The Crown Agents Foundation Award for Small Businesses
The Winner: Teddy Exports
Instead of an assignment for Voluntary Services Overseas, Amanda Murphy travelled in 1989 to Tirumangalam in Tamil Nadu near the southern tip of India. She fell in love with the place, set up home in a hut with no power supply and determined to change India. Then she narrowed her ambition to changing Tamil Nadu. "Now I'm really very happy if I can do something useful for the community who work for us," she says.
The Body Shop gave her the idea of helping people through commerce. Having worked in a Body Shop in Stratford on Avon she knew the firm had been looking for massage rollers for its customer's tired feet after a long day at the office.
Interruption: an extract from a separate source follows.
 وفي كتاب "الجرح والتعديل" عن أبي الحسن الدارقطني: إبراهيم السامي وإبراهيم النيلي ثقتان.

She also knew that the Tirumangalam workshops, which turned out rollers for chappatis, were skilled at turning wood on lathes. So she went to Body Shop headquarters in Littlehampton, demanding an order for footsie rollers. Gordon Roddick, the chairman recalls, "Here was this young Irishwoman determined not to go away until I said Yes. She prevailed on me to give her an order for 2,000 footsie rollers a month for a whole year."
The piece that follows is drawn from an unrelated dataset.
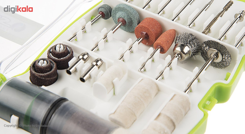 | سایر توضیحات | – دارای 70 قلم ابزار مجزا جهت سوراخکاری، صیقل و ساب – 17 عدد سری، 2 عدد کولت و نمد – ابعاد بستهبندی: 12 × 3.5 × 22 سانتیمتر – وزن بستهبندی: 282 گرم |

Amanda Murphy farmed out the order between local workshops. She thought they could use the new profit to improve their equipment and working conditions. One man did so. Others bought TV sets or a moped. So she set up her own model factory and firm, Teddy Exports, named after her son. It started making massage rollers from the wood of a local common acacia tree, normally used for firewood.
She pays wages sufficient for people to have a good home, educate their children and save for the future. They get a subsidized lunch and can go to a free medical clinic, also open to other local people. There is even a pension scheme and a system of housing loans.
To improve the children's education Amanda Murphy tried to help local schools. That didn't work, so she built he own, modelled on a village school, near her home town of Carrickfergus, County Antrim. The headmistress visited the Antrim school, which in turn through her learned about life in India.
The Teddy Primary School now educates 250 needy pupils, some of them from nearby villages. It has a centre for disabled children with special needs. The teachers also run non-formal education for children who work in local match factories and hotels. And they visit boys locked up in the nearby detention centre in the city of Madurai.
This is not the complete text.